One of them is the monthly industrial production report with an emphasis on what it says about manufacturing production. The other is durable orders, and what it shows for transportation equipment and nondefense aircraft new orders. 

May Industrial Production and Manufacturing Production

As it happens, the May Industrial Production report was published earlier on Monday, and the headline figure rose 0.1% month over month, short of the market’s 0.3% forecast. However, when we view the data set on a year-over-year basis, we see the following acceleration in the data: 

  • March 2026: 0.6%
  • April 2026: 1.4%
  • May 2026: 1.7%

Going one layer deeper, we see a similar pattern for manufacturing production:

  • March 2026: 0.5%
  • April 2026: 1.3%
  • May 2026: 1.4%

That matches the improvement we’ve seen in monthly PMI data from ISM and S&P Global. The pickup in manufacturing activity also speaks to the pickup in freight volumes reflected in the monthly Cass Freight Index data we discussed earlier on Monday morning.  

Durable Orders

The May Durable Orders figures will be published on June 25, and when we review the report, we’ll be reviewing the totality of the data but place some extra emphasis on orders and shipment figures for non-defense aircraft and parts. Granted, Boeing releases rather detailed data monthly, including orders, deliveries and backlog, but there is nothing wrong with cross-checking things. 
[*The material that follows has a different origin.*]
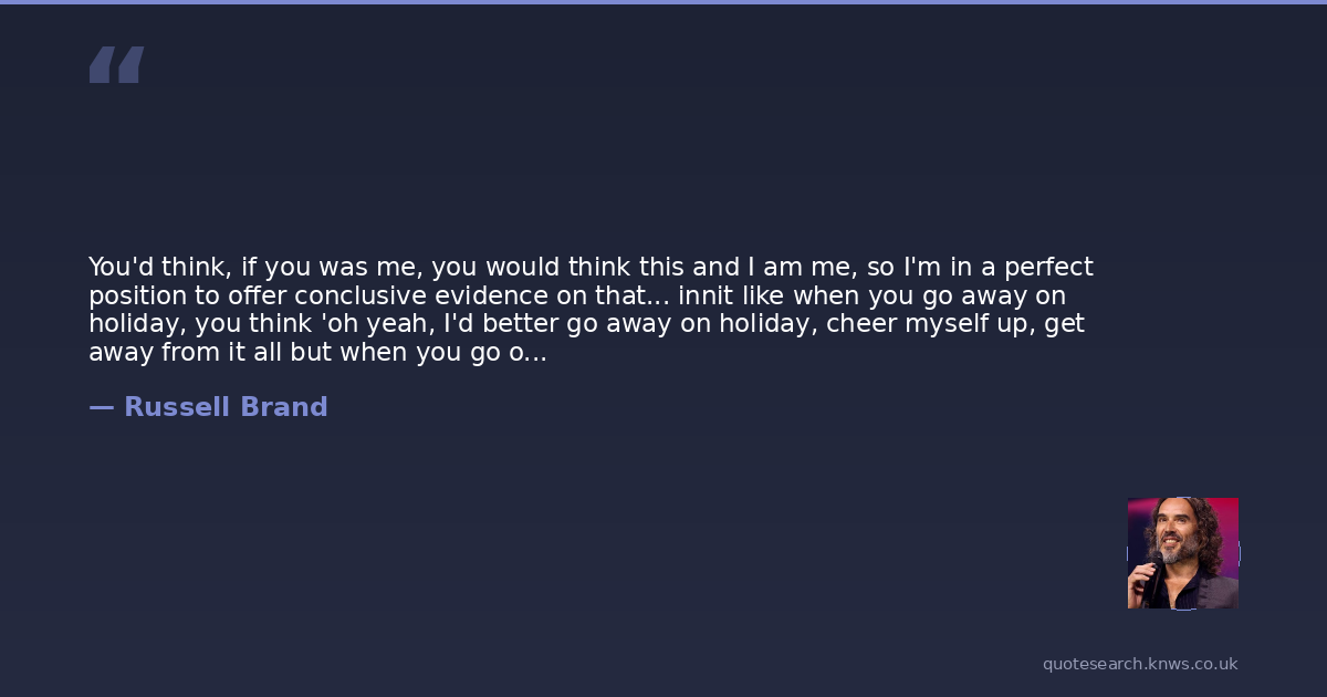 You'd think, if you was me, you would think this and I am me, so I'm in a perfect position to offer conclusive evidence on that... innit like when you go away on holiday, you think 'oh yeah, I'd better go away on holiday, cheer myself up, get away from it all but when you go on holiday, you're there, so it's shit!

When we do look at that durable order and shipment data for non-defense aircraft and parts, like we do with inflation and other data, we’ll be viewing it through the lens of a three-month moving average. The reason for that, and it is one you can see above, is that there can be wide swings month to month in the figures. 

We’ll also track airline capital spending plans, other sources of production data and comments from key suppliers like Spirit Aerosystems (SPR), Hexcel Corp. (HXL), GE Aerospace (GE) and RTX Corp. (RTX), which owns Rockwell Collins, the company that acquired aircraft passenger interior products (seats and toilets) company BE Aerospace in 2017.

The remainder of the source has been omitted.